Should I use a data.frame or a matrix?

Part of the answer is contained already in your question: You use data frames if columns (variables) can be expected to be of different types (numeric/character/logical etc.). Matrices are for data of the same type.

Consequently, the choice matrix/data.frame is only problematic if you have data of the same type.

The answer depends on what you are going to do with the data in data.frame/matrix. If it is going to be passed to other functions then the expected type of the arguments of these functions determine the choice.

Also:

Matrices are more memory efficient:

m = matrix(1:4, 2, 2)
d = as.data.frame(m)
object.size(m)
# 216 bytes
object.size(d)
# 792 bytes

Matrices are a necessity if you plan to do any linear algebra-type of operations.

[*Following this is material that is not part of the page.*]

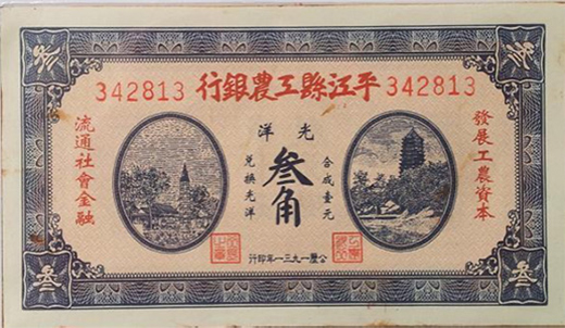 1933年12月4日經(jīng)中共川陜省委批準(zhǔn),川陜省蘇維埃政府工農(nóng)銀行(又稱(chēng)為“中華蘇維埃共和國(guó)川陜省工農(nóng)銀行”)在通江縣成立,工農(nóng)銀行總行行長(zhǎng)和造幣廠廠長(zhǎng)均由紅四方面軍總供部部長(zhǎng)鄭義齋兼任。工農(nóng)銀行的主要任務(wù)是“制造蘇維埃貨幣, 統(tǒng)一幣制, 流通蘇區(qū)金融, 實(shí)行對(duì)工農(nóng)的低息和無(wú)息貸款, 幫助合作社的發(fā)展。”在通江蘇維埃時(shí)期,工農(nóng)銀行共印鑄有布幣、紙幣、銅幣、銀幣等四種蘇幣,是土地革命戰(zhàn)爭(zhēng)時(shí)期發(fā)行貨幣種類(lèi)最多的銀行,總流通量達(dá)280萬(wàn)元。
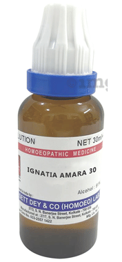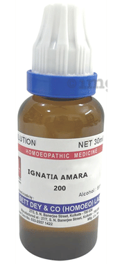 Sett Dey Ignatia Amara Dilution is a homoeopathic medicine indicated for hysterical and nervous affections with extreme emotional disturbances. It can help ease the effects of grief and worry.

Data frames are more convenient if you frequently refer to its columns by name (via the compact $ operator).

Data frames are also IMHO better for reporting (printing) tabular information as you can apply formatting to each column separately.


Something not mentioned by @Michal is that not only is a matrix smaller than the equivalent data frame, using matrices can make your code far more efficient than using data frames, often considerably so. That is one reason why internally, a lot of R functions will coerce to matrices data that are in data frames.

Data frames are often far more convenient; one doesn't always have solely atomic chunks of data lying around.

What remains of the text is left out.